What is expected: Every line below is to be copied exactly, with the pictures left out.

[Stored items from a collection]
Start of Block
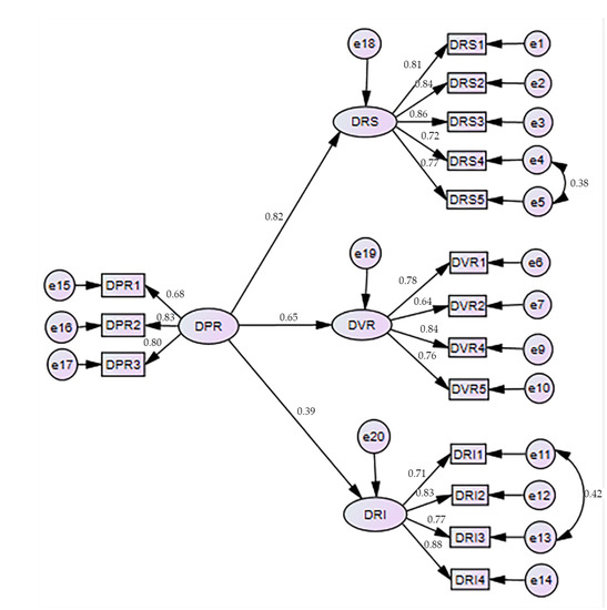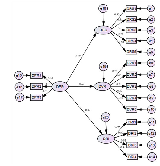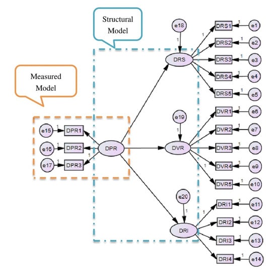 AMOS is used for parameter estimation, obtaining the standard path coefficient structure diagram of the initial structural equation with parameters. DPR, DRS, DVR, and DRI are latent variables; DPR1-DPR3, DRS1-DRS5, DVR1-DVR5, and DRI1-DRI4 are observed variables. Each observed variable has its own observation error, and each exogenous latent variable has its own measurement error, as shown in Figure 4.
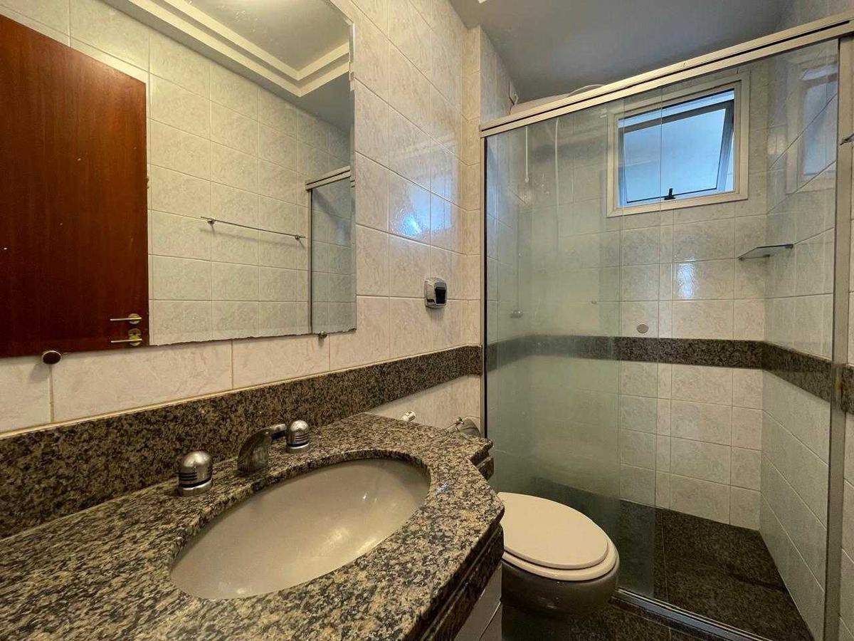 Banheiro social com bancada em granito, armários, espelho e box em blindex.
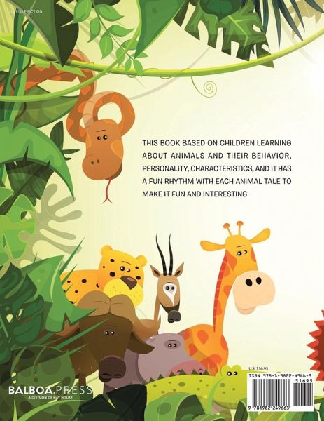 THIS BOOK BASED ON CHILDREN LEARNING ABOUT ANIMALS AND THEIR BEHAVIOR, PERSONALITY, CHARACTERISTICS, AND IT HAS A FUN RHYTHM WITH EACH ANIMAL TALE TO MAKE IT FUN AND INTERESTING
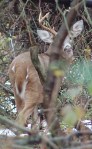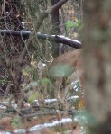 As dawn lightened the area we proceeded farther down. I heard a little bit of turkey talk and moved in for a break. Apparently I failed for Bob and I set and called for over an hour and did not hear any lost turkey calling. However, we saw two more small buck. I took over 30 photos of the one with most photos being acceptable.
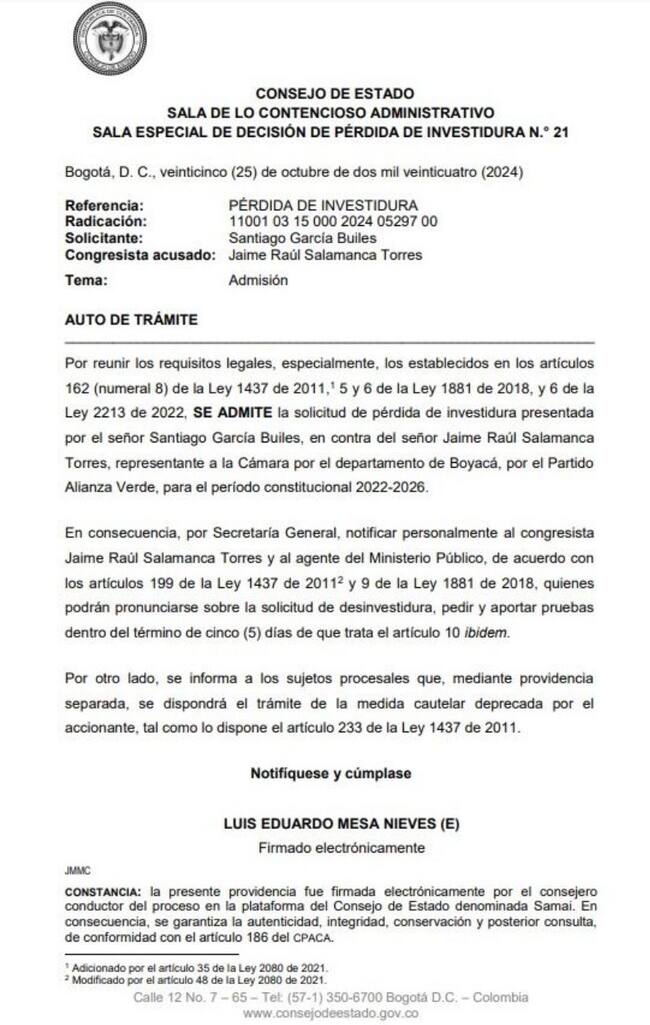El Consejo de Estado aceptó la solicitud de pérdida de investidura en contra del congresista boyacense, por el partido Alianza Verde, para el periodo 2022-2026 y hoy presidente de la Cámara de Representantes, Jaime Raúl Salamanca Torres.
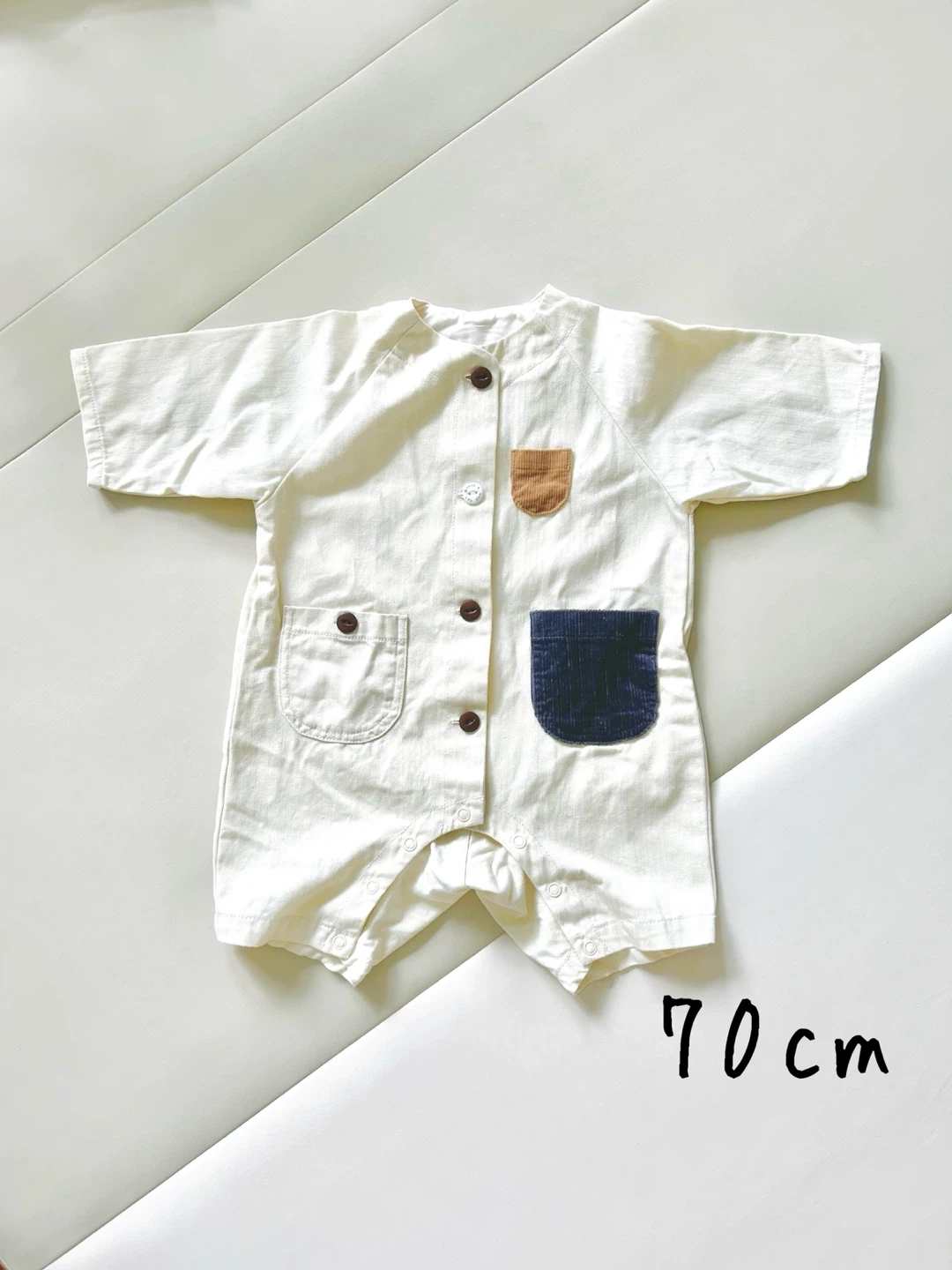 ブリーズのベビー服ロンパースです! 【情報】 ブランド:BREEZE (ブリーズ) サイズ:70 素材:本体、ポケット (綿100%)、左ポケット(綿98%、ポリウレタン2%) 【状態】 ほぼ新品 (ベビが生まれる前に買っておしゃれ着として着せるのを楽しみにしていましたが、いざオンシーズンで着せてみると我が子にはサイズアウトでした。タグを外して水通し済みですが、試着1回のみです。自宅保管をご理解ください。) 【その他対応可能な受け渡し場所】 ・錦糸町PARCO ・カメイドクロック
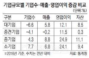 중기업과 소기업 숫자도 각각 4.3%와 7.7% 증가했고, 매출액도 8.8%와 6.8%를 기록했다.
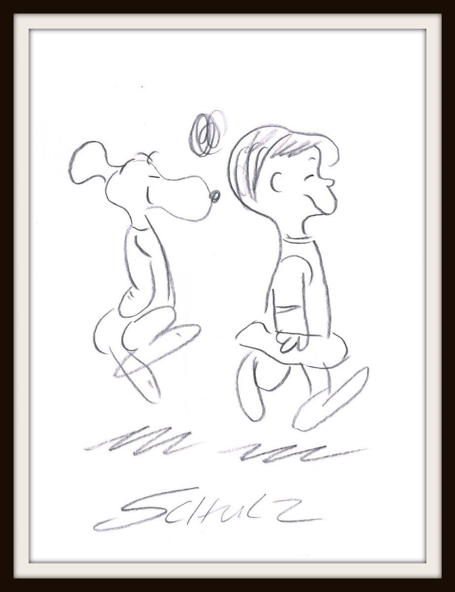 A drawing of Snoopy and Violet Gray by its Creator Charles Schulz. Rendered in pencil on A4 card and professionally mounted and framed in wood. Supplied with coa.
End of Block
Written response:
 AMOS is used for parameter estimation, obtaining the standard path coefficient structure diagram of the initial structural equation with parameters. DPR, DRS, DVR, and DRI are latent variables; DPR1-DPR3, DRS1-DRS5, DVR1-DVR5, and DRI1-DRI4 are observed variables. Each observed variable has its own observation error, and each exogenous latent variable has its own measurement error, as shown in Figure 4.
 Banheiro social com bancada em granito, armários, espelho e box em blindex.
 THIS BOOK BASED ON CHILDREN LEARNING ABOUT ANIMALS AND THEIR BEHAVIOR, PERSONALITY, CHARACTERISTICS, AND IT HAS A FUN RHYTHM WITH EACH ANIMAL TALE TO MAKE IT FUN AND INTERESTING
 As dawn lightened the area we proceeded farther down. I heard a little bit of turkey talk and moved in for a break. Apparently I failed for Bob and I set and called for over an hour and did not hear any lost turkey calling. However, we saw two more small buck. I took over 30 photos of the one with most photos being acceptable.
El Consejo de Estado aceptó la solicitud de pérdida de investidura en contra del congresista boyacense, por el partido Alianza Verde, para el periodo 2022-2026 y hoy presidente de la Cámara de Representantes, Jaime Raúl Salamanca Torres.
 ブリーズのベビー服ロンパースです! 【情報】 ブランド:BREEZE (ブリーズ) サイズ:70 素材:本体、ポケット (綿100%)、左ポケット(綿98%、ポリウレタン2%) 【状態】 ほぼ新品 (ベビが生まれる前に買っておしゃれ着として着せるのを楽しみにしていましたが、いざオンシーズンで着せてみると我が子にはサイズアウトでした。タグを外して水通し済みですが、試着1回のみです。自宅保管をご理解ください。) 【その他対応可能な受け渡し場所】 ・錦糸町PARCO ・カメイドクロック
 중기업과 소기업 숫자도 각각 4.3%와 7.7% 증가했고, 매출액도 8.8%와 6.8%를 기록했다.
 A drawing of Snoopy and Violet Gray by its Creator Charles Schulz. Rendered in pencil on A4 card and professionally mounted and framed in wood. Supplied with coa.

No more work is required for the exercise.